Trivago operated a hotel search and comparison platform for Australian consumers. A user could search for accommodation by city, region or hotel, choose dates and room type, and then see a list of hotel listings. Each listing showed several offers from online booking sites and sometimes the hotel itself. One offer was given special prominence in green text, in a relatively large font, with a green View Deal button. The judgment calls this the Top Position Offer.
Trivago also marketed the service as a way to find the ideal hotel for the best price. The judgment quotes a television advertisement that told viewers Trivago instantly compared prices from over 200 different websites and made it easy to find the ideal hotel for the best price. During the first part of the relevant period, the landing page slogan used the same idea. Later, the slogan changed to wording about finding your ideal hotel and comparing prices from many websites, and then from different websites.
The ACCC said the service did not work in the way consumers were likely to think. A central issue was Trivago's cost per click model. Online booking sites paid Trivago a fee if a consumer clicked on their offer. That fee was payable whether or not a booking was made and was Trivago's principal source of revenue. The ACCC alleged that the Top Position Offer was selected primarily by reference to the CPC Trivago would receive, rather than because it was the cheapest or otherwise the most attractive offer for the consumer.
Trivago disputed that and argued that offer price was a more important factor than CPC in determining the Top Position Offer. Because of that dispute, both sides called computer science experts to analyse the algorithm. The experts agreed on one commercially significant point recorded in the judgment: in approximately 66% of listings, higher priced offers were selected as the Top Position Offer over alternative lower priced offers.
The case was not only about the green highlighted offer. Above the Top Position Offer, Trivago displayed another offer in red. During part of the period it appeared as a red strike-through price. Later it appeared as a red price without the strike-through. The ACCC alleged that these displays represented a comparison between prices for the same room category in the same hotel, when in fact the comparison often involved a more expensive room category than the Top Position Offer.
The Court also had to deal with the fact that the website changed over time. The relevant period ran from 1 December 2016 to 13 September 2019, and the Court divided it into four sub-periods. That matters because the representations and the website features were not identical throughout. The first sub-period ran from 1 December 2016 to 29 April 2018, the second from 29 April 2018 to 20 November 2018, the third from 20 November 2018 to 13 February 2019, and the fourth from 13 February 2019 to 13 September 2019.

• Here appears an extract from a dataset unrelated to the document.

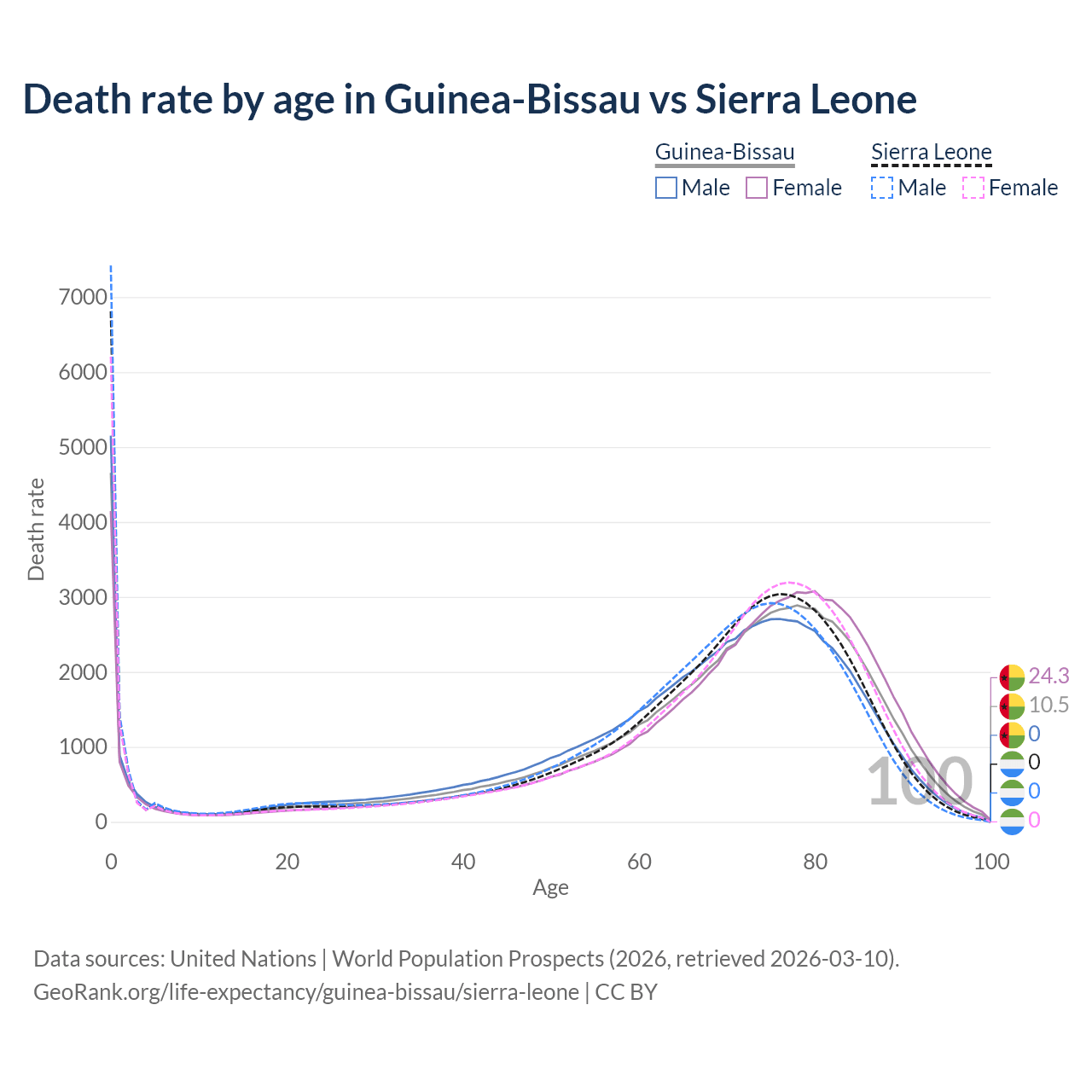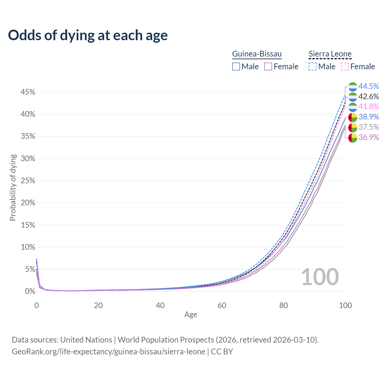 This life expectancy calculator shows the odds of living to 100, 95, 90, and below based on current age for both males and females in Guinea-Bissau and Sierra Leone, along with mean and median age of death. The calculations are based on the 2026 life tables (actuarial tables) from the UN World Population Prospects.

There was also a broader allegation about the overall message of the service. The ACCC said that by combining the advertising, the Top Position Offer, the comparison prices and other website features, Trivago led consumers to believe the site provided an impartial, objective and transparent price comparison that would enable them to quickly and easily identify the cheapest available offer for a particular or the exact same room at a particular hotel.